Integration of HOP and Reliability Principles
Recently Teresa Swinton, the Founder and Owner of Paradigm Human Performance, gave a presentation to her neighbours in the Plymouth Science Park, Plymouth, UK, and titled it Managing Operational Performance During COVID-19. There are many gems and valuable nuggets in the presentation, but one struck a chord with me when she mentioned Deference to Expertise, a principle of High Reliability Organizing. You would be well-served if you were to view the entire presentation here: https://youtu.be/ai7F-CWXuvI
Principles are like truths. They are an accurate way to determine the foundations of our thinking.
Performance
Human and Organizational Performance (HOP), through decades of academic research and professional practice, has produced principles that hold true across many different socio-technical industries. Many people work in high-consequence occupations, where when people make mistakes they, or others, could be killed, maimed, or seriously injured.
Human Performance Principles are building blocks whose points we believe are true and make up the foundational thinking of our philosophy. We believe the 5 Principles of Human Performance seem to be consistently woven throughout all of our thinking, learning, and actions to intentionally enhance operational stability, reliability, and improvement in our organizations. I do not number these principles because some might assume that one is more important than another in an ordered list.

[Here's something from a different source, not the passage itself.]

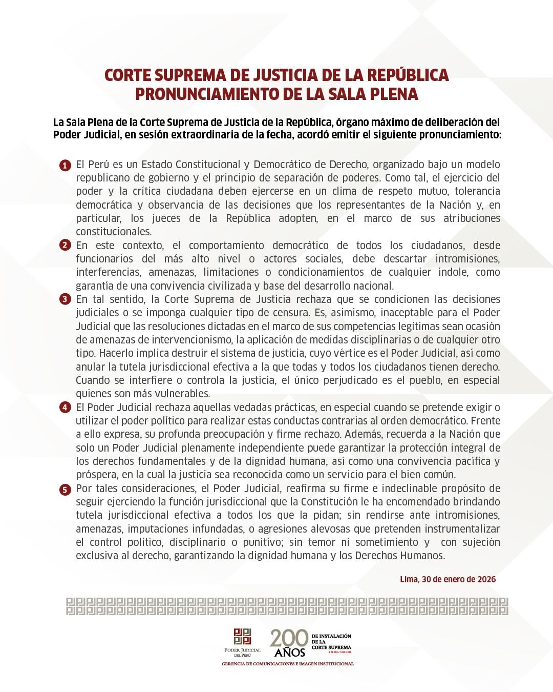 La Sala Plena de la Corte Suprema de Justicia de la República, órgano máximo de deliberación del Poder Judicial, en sesión extraordinaria de la fecha, acordó emitir el siguiente pronunciamiento: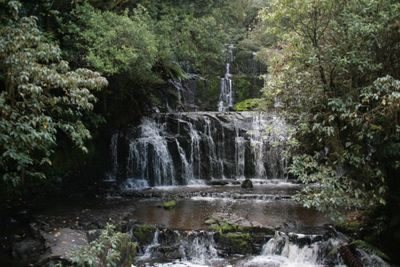 Purakaunui Falls est une cascade dans Les Catlins qui dégringole en trois étapes distinctes sur environ 20 mètres. L'eau tombe à travers une forêt native dense, formant une série de bassins qui recueillent l'eau entre chaque cascade.

The 5 Principles of Human Performance:
- Error is normal. Even the best people make mistakes.
- Blame fixes nothing.
- Learning and Improving are vital. Learning is deliberate.
- Context influences behaviour. Systems drive outcomes.

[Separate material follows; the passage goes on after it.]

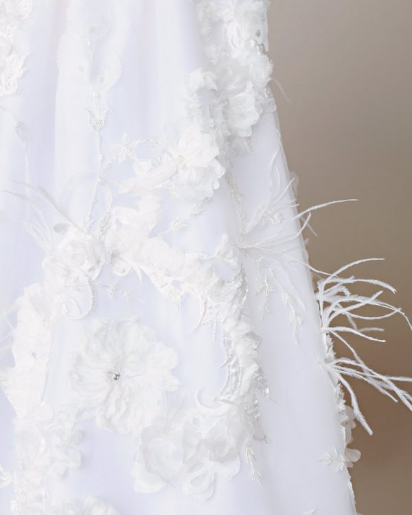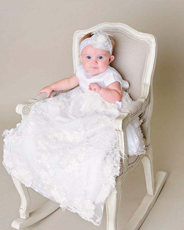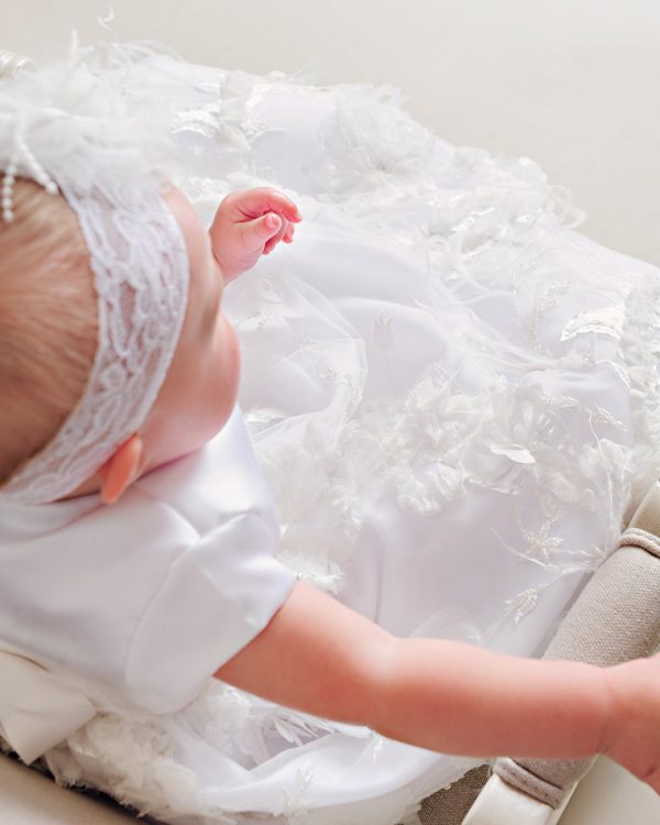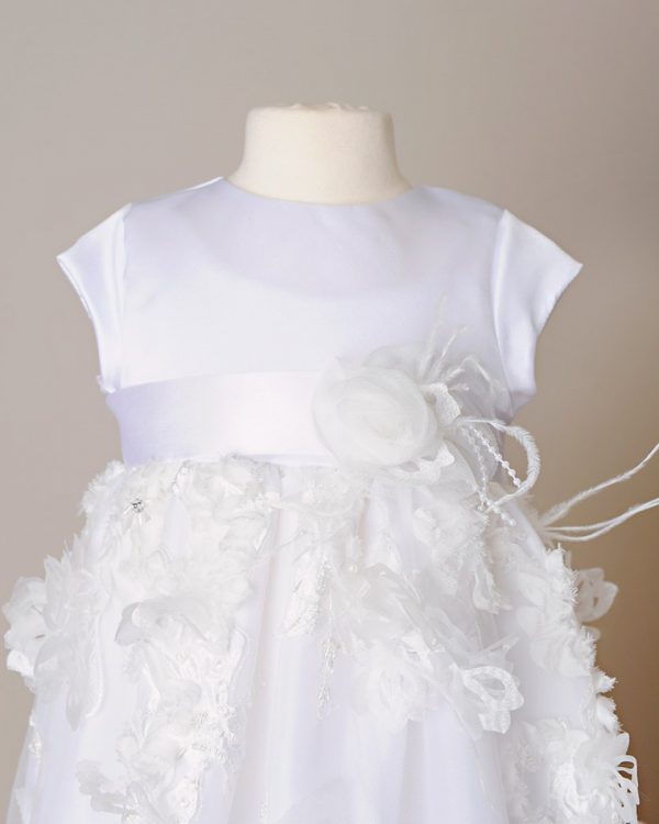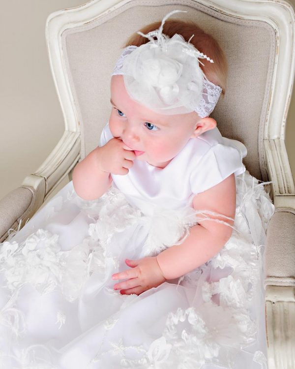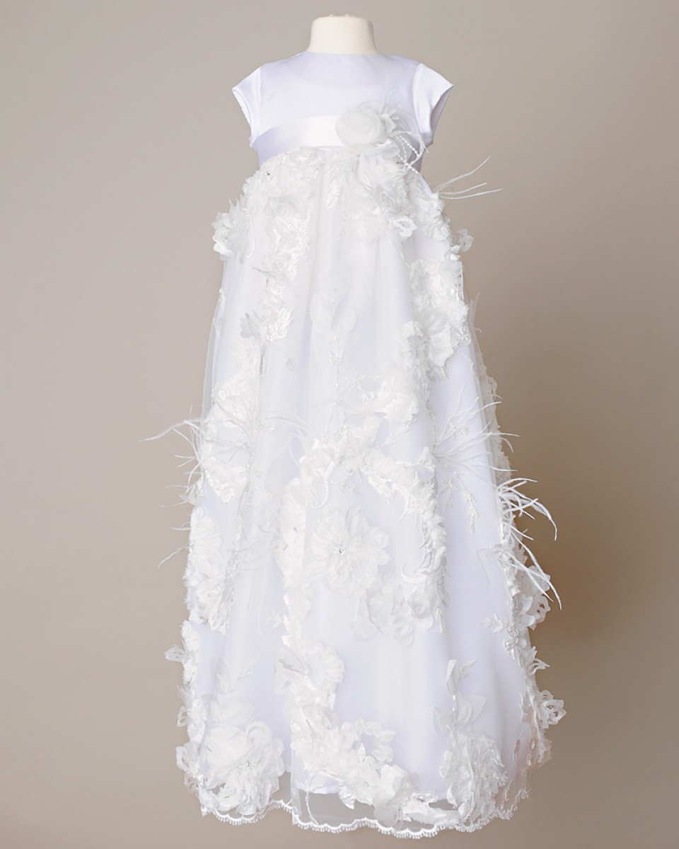 Our Fancy Christening Gown lives up to her name with eccentric feather accents on an exaggerated organza skirt. This gown is absolutely stunning!

- How you respond to failure matters. How leaders act and respond counts.
(Conklin, 2019)
Operational Reliability
High-Reliability Organizing (HRO) has been an area of research for Karleen Roberts', PhD, team from UC Berkeley since just after the Three Mile Island nuclear power plant accident in 1979. Organizing for high reliability in volatile, uncertain, complex, ambiguous and sometimes threatening (VUCA-T) environments, has been researched for decades. Many are learning the lessons available, even integrating knowledge and ideas from multiple sources. These organizations are not problem-free. But they have far fewer problems than others in the same types of business because they not only build unique structural features but also think and act differently.
Karl Weick and Kathleen Sutcliffe, PhDs from the University of Michigan Business School, have published a series of books titled Managing The Unexpected. They are about organizations, expectations, and mindfulness. Their basic message is that "expectations can get you into trouble unless you create a mindful infrastructure that continually does all of the following:
- Tracks small failures
- Resists oversimplification
- Remains sensitive to operations
- Maintains capabilities for resilience
- Defers to expertise
(Weick & Sutcliffe, 2001, p. 10; 2007, p. 2)
Principles Used Together
Each of these approaches to performance and reliability is often understood, implemented, and continually practised separately, but even better together as Teresa has recommended in her presentation when she mentioned Deference to Expertise.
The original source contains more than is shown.